Qual è l’errore più grave che le donne non debbono commettere quando si trovano in situazioni al “limite” come quelle da lei affrontate?
“Non devono tacere. Non devono proteggere il loro carnefice. Non devono mentire al pronto soccorso giustificando i lividi con una banale caduta. Non devono, soprattutto, giustificare l’uomo violento e non devono credere che cambierà. Un uomo violento non cambia, semmai, peggiora”.
Essendo avvocato sa bene che i tempi giudiziari sono molto lunghi per potere sperare di riuscire ad ottenere giustizia, spesso queste lungaggini burocratiche sono d’intralcio per la donna che decide di denunciare la propria sofferenza. In questo caso come aiuta le sue assistite a superare in maniera tranquilla tutto ciò?

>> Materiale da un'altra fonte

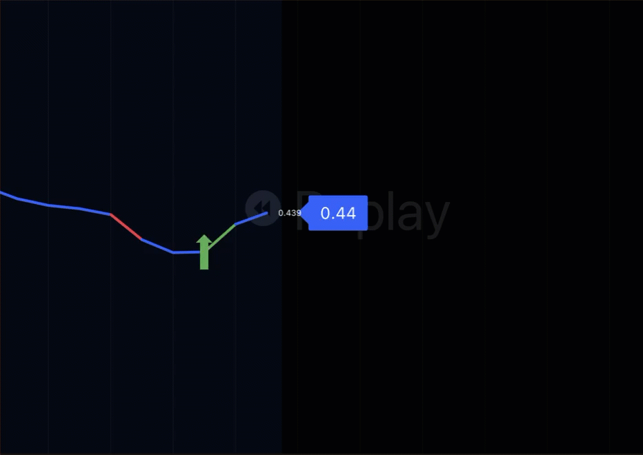 If the trend is bullish, the indicator will provide a green arrow signalling the beginning of an upward trend. The greater the momentum of the underlying trend, the sharper the angle of the momentum line. If the momentum line is at an 80° angle, the trend is stronger compared to a 45° angle.

“I tempi sono lunghi, è vero, ma gli strumenti ci sono. Corroborando la denuncia con l’indicazione di tutti gli elementi utili che possano agevolare gli inquirenti, si può ottenere una misura cautelare che, nelle norme dei tempi giudiziari, comporti l’allontanamento dell’uomo violento dalla vittima, o addirittura la sua carcerazione. Importantissimi sono i referti medici. La donna che subisce violenza sia fisica che psicologica deve sempre recarsi in ospedale, dove provvederanno alle cure necessarie e alla redazione del referto, documento fondamentale nell’ambito del procedimento penale”.
Il nostro è un giornale che parla di donne. Vogliamo tendere una mano d’aiuto a tutte coloro che soffrono per colpa di un marito, un compagno o un padre?
“Certo. Io mi pregio di essere presidente del “Centro Antiviolenza Antistalking Calypso” e, insieme alle altre operatrici, mi adopero per ascoltare le donne vittime di violenza e per fornire loro una assistenza reale e concreta. Invoco le donne che subiscono violenza a chiamarci e prendere un appuntamento con noi. Il solo parlare potrà essere loro di aiuto. Se poi, c’è da agire, ci attiveremo a 360 gradi per aiutare la vittima. L’importante è non arrendersi alla violenza dilagante di cui ogni giorno abbiamo notizia. Non ci si deve mai arrendere. Si può andare avanti… sempre”.